SQRC for bias correction. In Fig. 14, we demonstrate the efficacy of SQRC for bias correction. Because of the discrepancy between the oracle $\hat{p}_{\boldsymbol{\theta}}({\hat{\mathbf{r}}}|\mathbf{u},C_{\mathbf{r}})$ and the biased $\hat{p}_{\boldsymbol{\theta}}({\hat{\mathbf{r}}}|\mathbf{u},C_{\hat{\mathbf{r}}})$ , encoding ${\hat{\mathbf{r}}}$ with $\hat{p}_{\boldsymbol{\theta}}({\hat{\mathbf{r}}}|\mathbf{u},C_{\hat{\mathbf{r}}})$ (without SQRC) degrades the compression performance. Instead, we encode ${\hat{\mathbf{r}}}$ with $\hat{p}_{\boldsymbol{\varphi}}({\hat{\mathbf{r}}}|\mathbf{u},C_{{\hat{\mathbf{r}}}},\tau)$ (with SQRC) resulting in lower bit rates.

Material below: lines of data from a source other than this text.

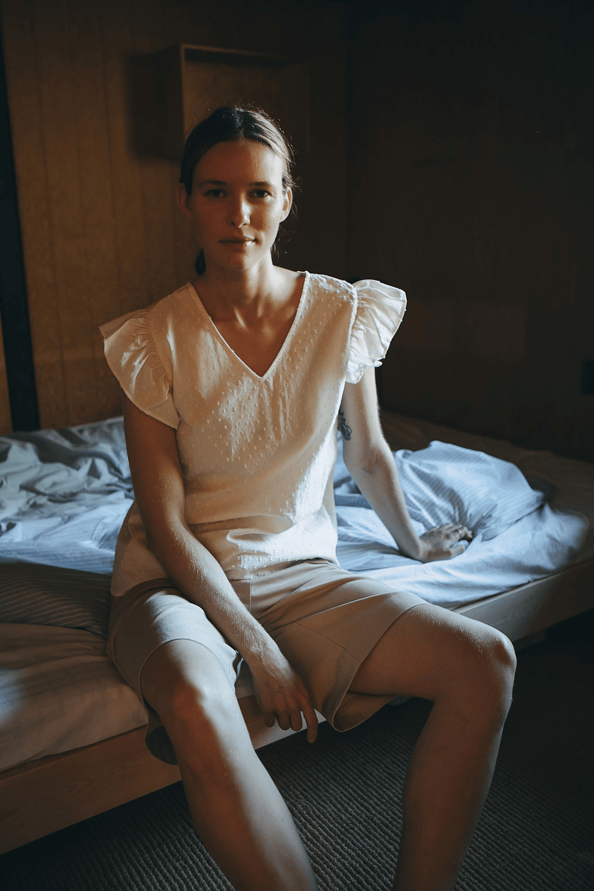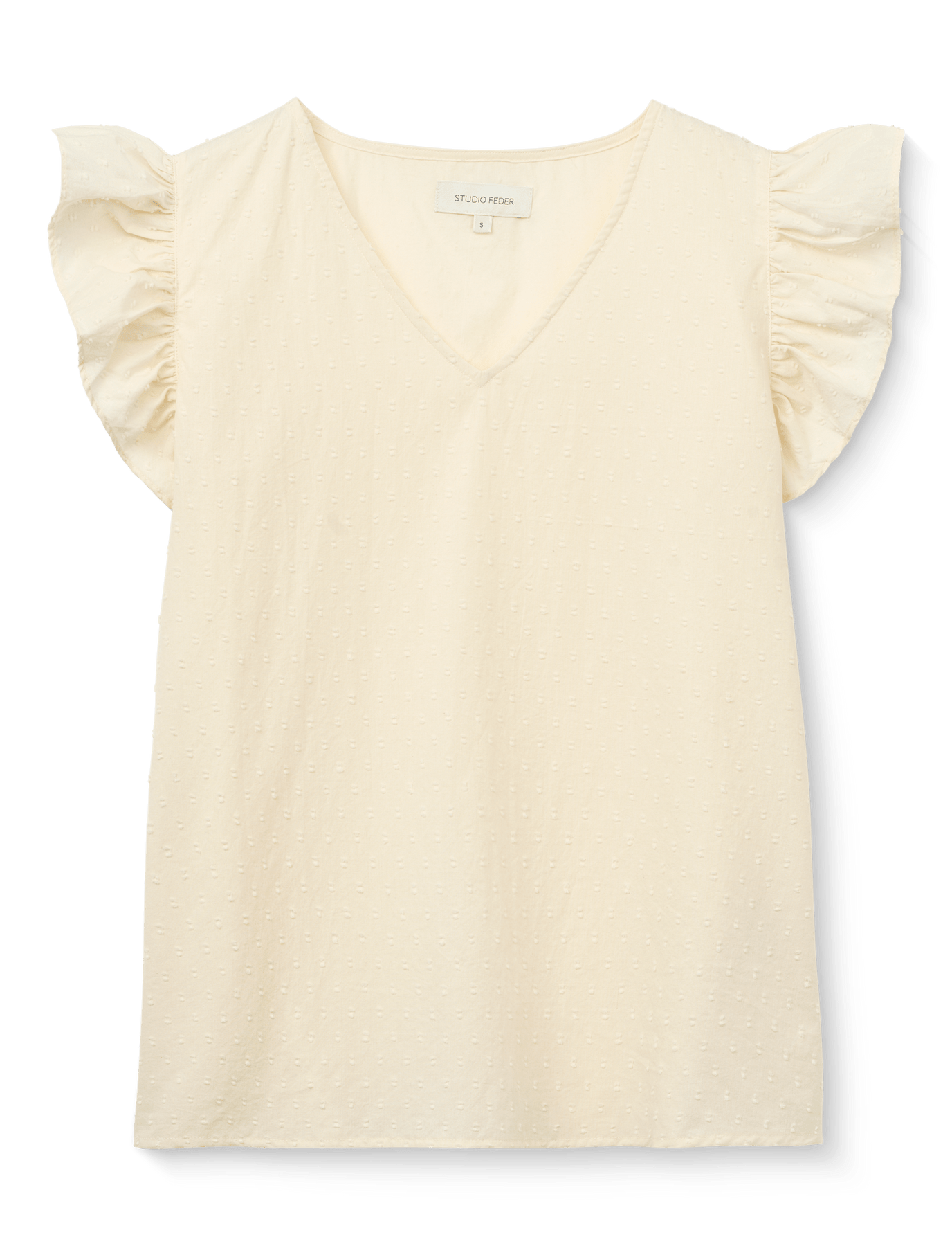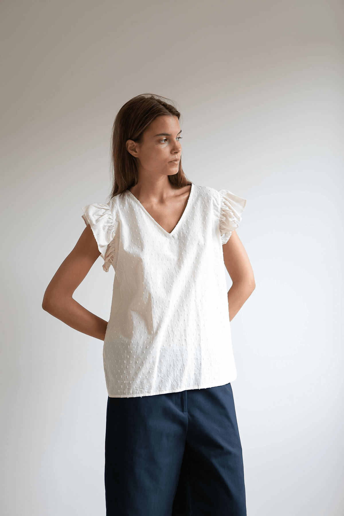 En feminin top med flæseærmer, der falder smukt, og en blød V-hals.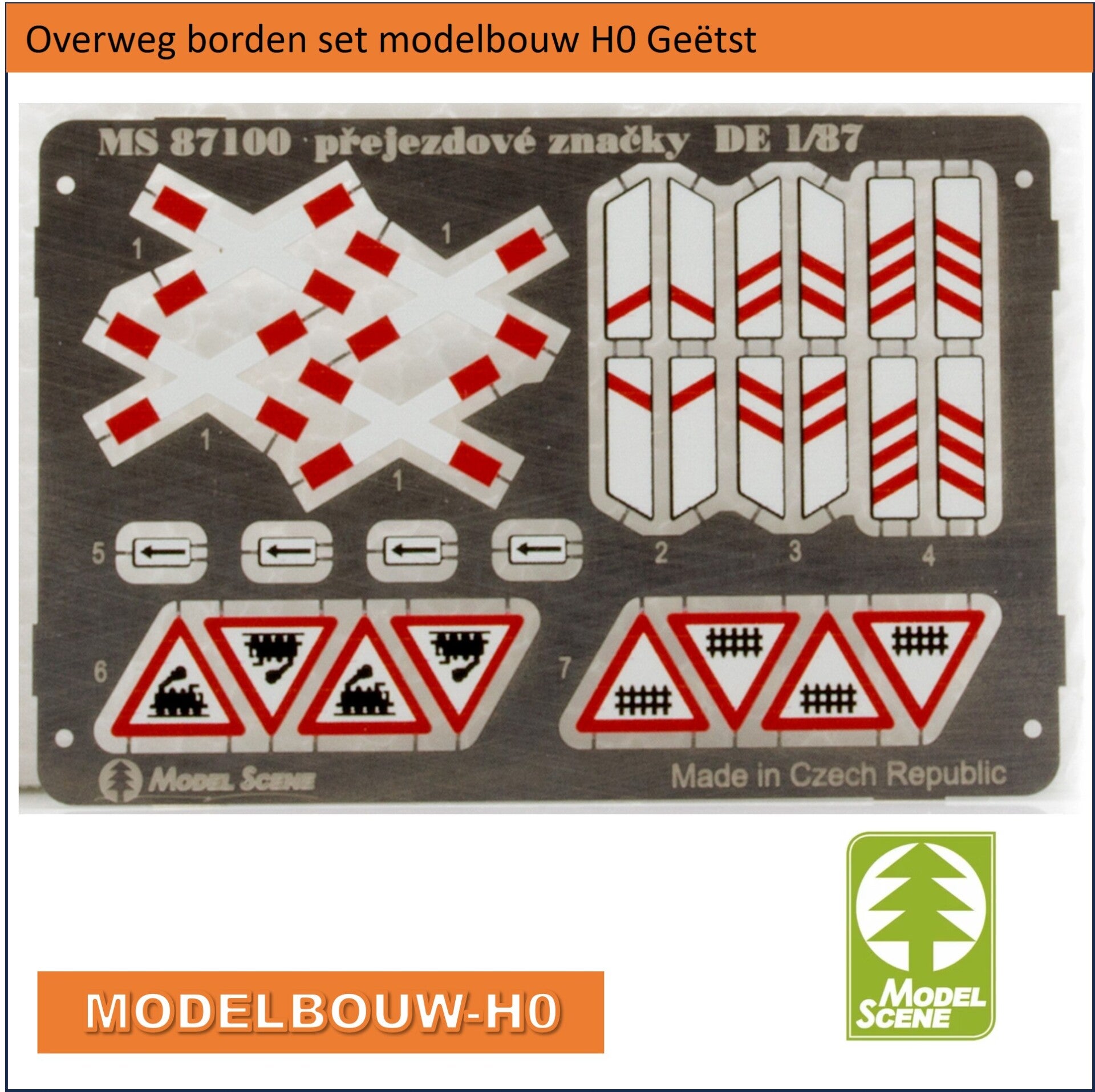 Spoorwegovergang borden set Modelbouw H0 Geëtst 87100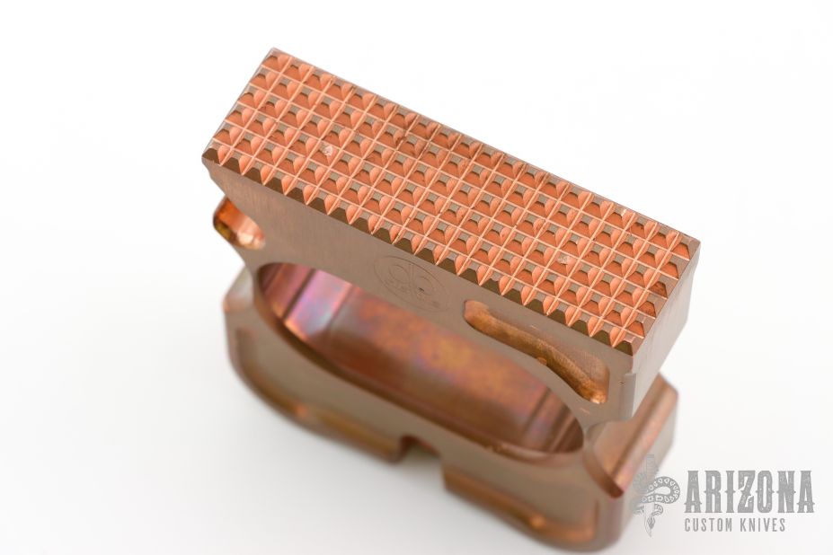 This Tenderizer Copper knuckle by DB Customs is .750" thick. Has some light scratches and patina, otherwise excellent condition.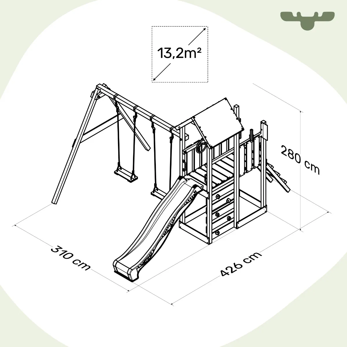 Er komt nog meer leven in je tuin met de MagicMango Move XXL van HC Huis & Tuin – de allrounder onder de speeltoestellen. Schommel met je beste vriend en kijk wie er het hoogste komt of beklim het platform via de schuine klimladder. Echte klimexperts bewijzen hun vaardigheden aan de lastige klimwand.

With the increase of $\tau$ , the PMF of $\mathbf{r}$ is quantized by larger bins and becomes coarser. Thus, the compression performance with SQRC approaches the oracle. However, the gap between the compression performance without SQRC and the oracle remains large, as the discrepancy between $\hat{p}_{\boldsymbol{\theta}}({\hat{\mathbf{r}}}|\mathbf{u},C_{\mathbf{r}})$ and $\hat{p}_{\boldsymbol{\theta}}({\hat{\mathbf{r}}}|\mathbf{u},C_{\hat{\mathbf{r}}})$ is also magnified with the increasing $\tau$ . Note that the compression performance of our DLPR coding without SQRC is still better than near-lossless WebP, JPEG-LS and CALIC.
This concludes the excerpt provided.